[Data section]

------------

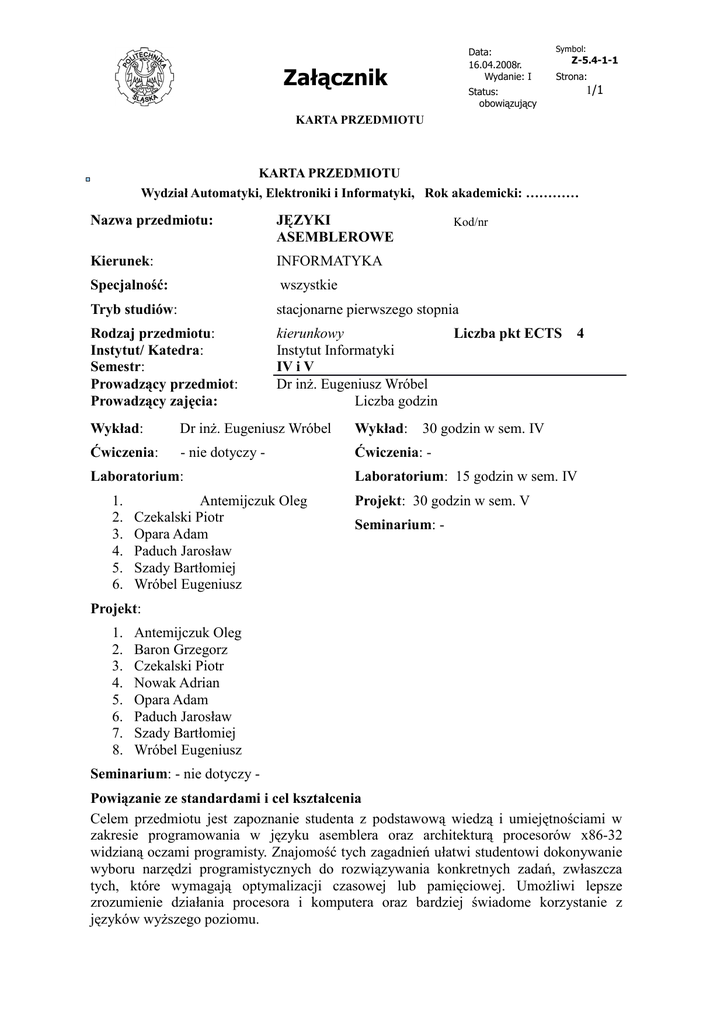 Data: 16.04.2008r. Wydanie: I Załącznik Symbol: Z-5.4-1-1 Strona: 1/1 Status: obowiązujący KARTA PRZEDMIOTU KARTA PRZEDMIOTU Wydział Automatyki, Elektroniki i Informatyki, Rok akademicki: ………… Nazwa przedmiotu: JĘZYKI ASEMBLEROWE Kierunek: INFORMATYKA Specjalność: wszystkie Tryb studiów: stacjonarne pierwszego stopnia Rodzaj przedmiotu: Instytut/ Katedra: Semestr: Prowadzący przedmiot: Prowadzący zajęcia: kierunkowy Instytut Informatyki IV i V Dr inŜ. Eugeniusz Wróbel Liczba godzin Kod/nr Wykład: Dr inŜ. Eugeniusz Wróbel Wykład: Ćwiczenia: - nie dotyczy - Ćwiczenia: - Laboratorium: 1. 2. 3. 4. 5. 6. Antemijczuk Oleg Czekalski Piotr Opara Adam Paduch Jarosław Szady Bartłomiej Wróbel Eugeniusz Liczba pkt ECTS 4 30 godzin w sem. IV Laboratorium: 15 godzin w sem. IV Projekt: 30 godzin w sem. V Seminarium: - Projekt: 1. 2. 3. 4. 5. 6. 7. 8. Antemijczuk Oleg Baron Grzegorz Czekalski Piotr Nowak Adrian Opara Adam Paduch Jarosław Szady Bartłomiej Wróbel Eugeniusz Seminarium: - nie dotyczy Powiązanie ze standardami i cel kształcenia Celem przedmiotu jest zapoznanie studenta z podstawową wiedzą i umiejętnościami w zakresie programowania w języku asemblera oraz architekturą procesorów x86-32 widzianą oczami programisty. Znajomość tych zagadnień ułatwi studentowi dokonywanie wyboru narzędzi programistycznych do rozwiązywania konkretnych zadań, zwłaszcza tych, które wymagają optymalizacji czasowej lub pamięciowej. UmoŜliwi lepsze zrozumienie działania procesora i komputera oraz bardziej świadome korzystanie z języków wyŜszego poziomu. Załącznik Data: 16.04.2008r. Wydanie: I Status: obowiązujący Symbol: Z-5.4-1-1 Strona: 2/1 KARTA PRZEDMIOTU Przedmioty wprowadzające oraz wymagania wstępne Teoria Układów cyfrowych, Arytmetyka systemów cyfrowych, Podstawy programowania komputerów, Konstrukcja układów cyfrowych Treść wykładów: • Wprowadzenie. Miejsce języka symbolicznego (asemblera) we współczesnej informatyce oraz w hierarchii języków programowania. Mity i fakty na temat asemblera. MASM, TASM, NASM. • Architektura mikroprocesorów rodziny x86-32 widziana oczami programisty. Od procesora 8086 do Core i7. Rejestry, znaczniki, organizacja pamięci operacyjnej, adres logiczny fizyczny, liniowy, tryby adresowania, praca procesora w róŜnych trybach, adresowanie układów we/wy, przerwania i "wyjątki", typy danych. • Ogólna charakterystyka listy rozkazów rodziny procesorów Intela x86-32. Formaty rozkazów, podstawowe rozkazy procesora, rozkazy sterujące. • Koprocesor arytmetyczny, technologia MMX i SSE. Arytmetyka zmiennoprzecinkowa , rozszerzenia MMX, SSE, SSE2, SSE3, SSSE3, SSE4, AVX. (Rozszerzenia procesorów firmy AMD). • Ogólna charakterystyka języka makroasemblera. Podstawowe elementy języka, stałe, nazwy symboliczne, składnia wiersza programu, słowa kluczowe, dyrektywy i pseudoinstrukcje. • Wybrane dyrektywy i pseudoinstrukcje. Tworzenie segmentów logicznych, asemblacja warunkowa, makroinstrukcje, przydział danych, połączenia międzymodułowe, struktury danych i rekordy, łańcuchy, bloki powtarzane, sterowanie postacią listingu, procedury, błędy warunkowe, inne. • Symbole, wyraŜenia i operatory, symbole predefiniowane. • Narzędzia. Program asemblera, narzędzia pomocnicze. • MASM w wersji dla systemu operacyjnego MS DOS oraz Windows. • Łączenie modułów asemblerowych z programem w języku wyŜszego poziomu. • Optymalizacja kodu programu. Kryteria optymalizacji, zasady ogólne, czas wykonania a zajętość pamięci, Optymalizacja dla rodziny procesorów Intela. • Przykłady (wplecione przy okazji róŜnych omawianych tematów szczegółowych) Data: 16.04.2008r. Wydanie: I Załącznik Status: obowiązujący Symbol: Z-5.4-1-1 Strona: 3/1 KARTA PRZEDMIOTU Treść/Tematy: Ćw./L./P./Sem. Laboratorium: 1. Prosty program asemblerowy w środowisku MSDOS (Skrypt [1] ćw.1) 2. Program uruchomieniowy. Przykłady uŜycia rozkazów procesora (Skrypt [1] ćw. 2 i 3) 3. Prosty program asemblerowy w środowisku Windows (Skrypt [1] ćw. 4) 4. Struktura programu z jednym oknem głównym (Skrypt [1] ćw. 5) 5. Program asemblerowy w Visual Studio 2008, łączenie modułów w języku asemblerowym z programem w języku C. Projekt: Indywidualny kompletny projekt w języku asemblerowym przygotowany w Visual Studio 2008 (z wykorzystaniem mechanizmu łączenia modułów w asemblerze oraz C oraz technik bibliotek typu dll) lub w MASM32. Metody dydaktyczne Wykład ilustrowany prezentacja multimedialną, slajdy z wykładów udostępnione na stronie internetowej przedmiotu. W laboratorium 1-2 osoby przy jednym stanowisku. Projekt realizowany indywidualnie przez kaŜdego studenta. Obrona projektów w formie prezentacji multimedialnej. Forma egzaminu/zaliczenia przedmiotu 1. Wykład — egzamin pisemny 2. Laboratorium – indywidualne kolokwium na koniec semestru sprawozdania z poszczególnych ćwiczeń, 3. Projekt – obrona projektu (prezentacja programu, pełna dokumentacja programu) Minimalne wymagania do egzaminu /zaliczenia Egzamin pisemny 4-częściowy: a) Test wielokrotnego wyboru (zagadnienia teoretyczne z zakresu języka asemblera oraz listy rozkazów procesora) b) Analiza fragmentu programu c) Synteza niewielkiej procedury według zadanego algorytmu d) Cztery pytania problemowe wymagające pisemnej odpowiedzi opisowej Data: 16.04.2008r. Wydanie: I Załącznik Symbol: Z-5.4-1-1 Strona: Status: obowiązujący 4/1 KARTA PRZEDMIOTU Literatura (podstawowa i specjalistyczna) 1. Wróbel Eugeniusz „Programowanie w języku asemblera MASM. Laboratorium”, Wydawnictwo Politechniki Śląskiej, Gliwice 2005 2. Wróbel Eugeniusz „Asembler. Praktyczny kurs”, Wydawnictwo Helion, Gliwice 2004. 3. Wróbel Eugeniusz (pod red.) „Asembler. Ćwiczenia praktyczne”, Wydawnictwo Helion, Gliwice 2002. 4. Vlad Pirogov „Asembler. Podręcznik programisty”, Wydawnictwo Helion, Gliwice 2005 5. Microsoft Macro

------------

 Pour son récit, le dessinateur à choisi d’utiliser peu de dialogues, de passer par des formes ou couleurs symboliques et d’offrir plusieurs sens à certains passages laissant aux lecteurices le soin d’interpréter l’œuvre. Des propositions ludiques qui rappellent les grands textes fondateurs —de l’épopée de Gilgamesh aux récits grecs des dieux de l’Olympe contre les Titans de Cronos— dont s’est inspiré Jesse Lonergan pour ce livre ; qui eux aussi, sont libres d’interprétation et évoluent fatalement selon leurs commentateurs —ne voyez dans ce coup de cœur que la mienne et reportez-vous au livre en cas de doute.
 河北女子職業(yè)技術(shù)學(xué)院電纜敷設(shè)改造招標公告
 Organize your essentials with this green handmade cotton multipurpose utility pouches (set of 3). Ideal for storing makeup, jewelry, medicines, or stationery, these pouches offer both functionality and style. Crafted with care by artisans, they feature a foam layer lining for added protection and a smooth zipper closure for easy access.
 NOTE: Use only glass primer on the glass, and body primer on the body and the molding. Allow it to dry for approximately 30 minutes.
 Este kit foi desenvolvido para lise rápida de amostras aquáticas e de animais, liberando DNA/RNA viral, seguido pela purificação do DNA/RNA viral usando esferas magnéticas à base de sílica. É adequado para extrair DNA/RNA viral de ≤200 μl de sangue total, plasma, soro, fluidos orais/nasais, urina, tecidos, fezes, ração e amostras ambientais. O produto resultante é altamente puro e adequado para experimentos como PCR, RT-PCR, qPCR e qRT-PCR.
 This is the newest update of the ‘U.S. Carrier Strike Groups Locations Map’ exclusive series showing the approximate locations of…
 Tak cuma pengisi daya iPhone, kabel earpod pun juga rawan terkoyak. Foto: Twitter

------------

[Exercise objective] Starting at the line with "This is the" and ending at the line with "Tak cuma pengisi", print each line of the listing above exactly, with no other lines.

[Exercise output]
 This is the newest update of the ‘U.S. Carrier Strike Groups Locations Map’ exclusive series showing the approximate locations of…
 Tak cuma pengisi daya iPhone, kabel earpod pun juga rawan terkoyak. Foto: Twitter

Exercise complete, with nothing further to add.